Notes on node.js streams

There’s no doubt that streams are an essential part of the node.js design philosophy. Everything from stdin and stdout to file access is a stream. You may be using a library to abstract it into a more accessible form such as a promise, but underneath the hood it’s still streams.

When it comes to handling large amounts of data, streams are not only faster, but they’re often necessary. There are times when it is just not possible to fit everything into memory, so it must be streamed chunk by chunk.

Natively, node.js comes with three types of stream: Readable, Writable, and Transform. Streams are Event Emitters so the easiest way to use them is to hook into their events:

const fs = require("fs");
const input = fs.createReadStream("in-file.txt", "utf8");

input.on("data", data => console.log(data));

For many cases it’s beneficial to connect streams together with pipes:

const fs = require("fs");
const input = fs.createReadStream("in-file.txt");

input.pipe(process.stdout);

Piping to multiple destinations

One of the first questions I had when picking up streams was whether it is possible to pipe a single source into two destinations. The answer is a definite yes. As streams are just a form of Event Emitter, every stream reading the data is just another listener to the data event.

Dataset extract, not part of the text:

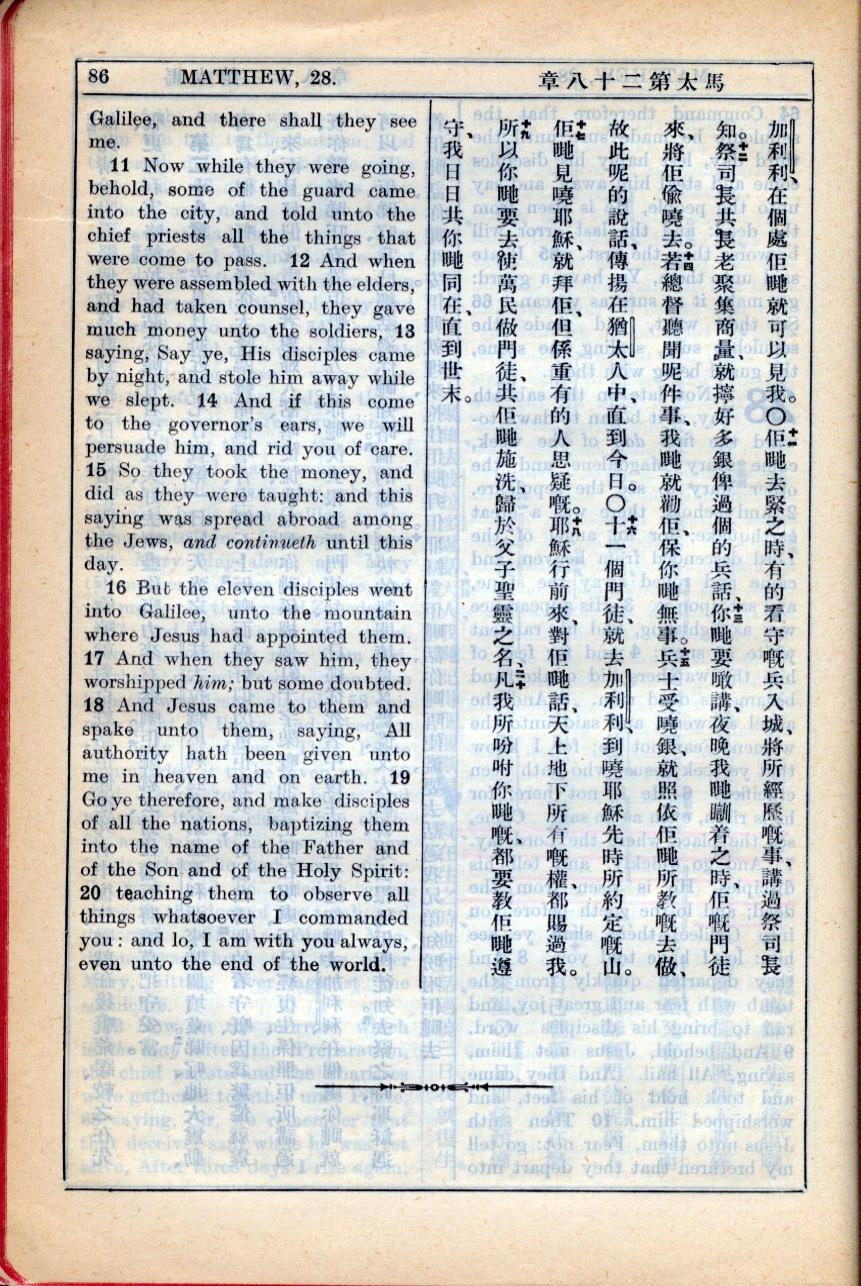 1931年新約全書廣東話新譯本與美國新譯英文 馬太福音 28 章 11 節到 28 章 20 節
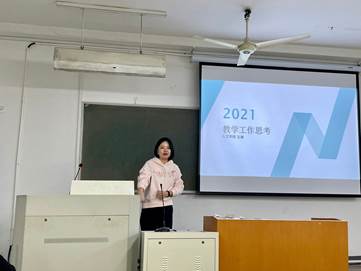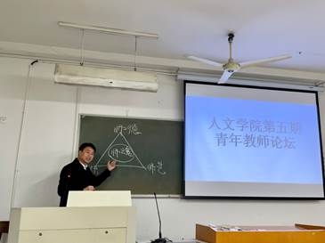 论坛伊始,新晋优秀教师代表王健老师分享了教学成长的经验和体会。她向在场诸位介绍了现代汉语课程先进性、基础性、专业性的特点,同时向大家分享了自己的教学方法与教学反思。王老师表示教师不仅要学会用合理的方式和手机“抢员工”,而且要找到适合自己的教学状态与教学风格。她指出,合理安排教学任务以及进行良好的团队合作是一位优秀教师必备的能力。

However, there is one difference between a stream and a standard Event Emitter: back pressure. When data is emitted from a Readable stream the listeners must declare that they have processed the data and are ready to receive more. This is a very useful feature as it prevents input streams clobbering output streams with too much information, but it does mean that you need to ensure all your listeners are processing the data. Take this example:

const fs = require("fs");
const Writable = require("stream").Writable;
const input = fs.createReadStream("in-file.txt");
const fileOutput = fs.createWriteStream("out-file.txt");
const consoleOutput = new Writable({
  write: (chunk, encoding, callback) => {
    console.log(chunk);
    callback();
  }
});

input.pipe(fileOutput);
input.pipe(consoleOutput);

Under normal circumstances this code will copy in-file.txt to out-file.txt and output it to the terminal. If the consoleOutput stream did not execute the callback() the input would build up and both output streams would eventually stop receiving data. Streams have an option, call the highWaterMark that determines how much information is stored in memory before blocking the stream.

Why is my chunk a Buffer?

If you ran the code above, you might notice that it doesn’t quite do what you would expect. The out-file.txt is created with the content of in-file.txt, but the console output looks something like <Buffer 64 65 72 70 0a ...>.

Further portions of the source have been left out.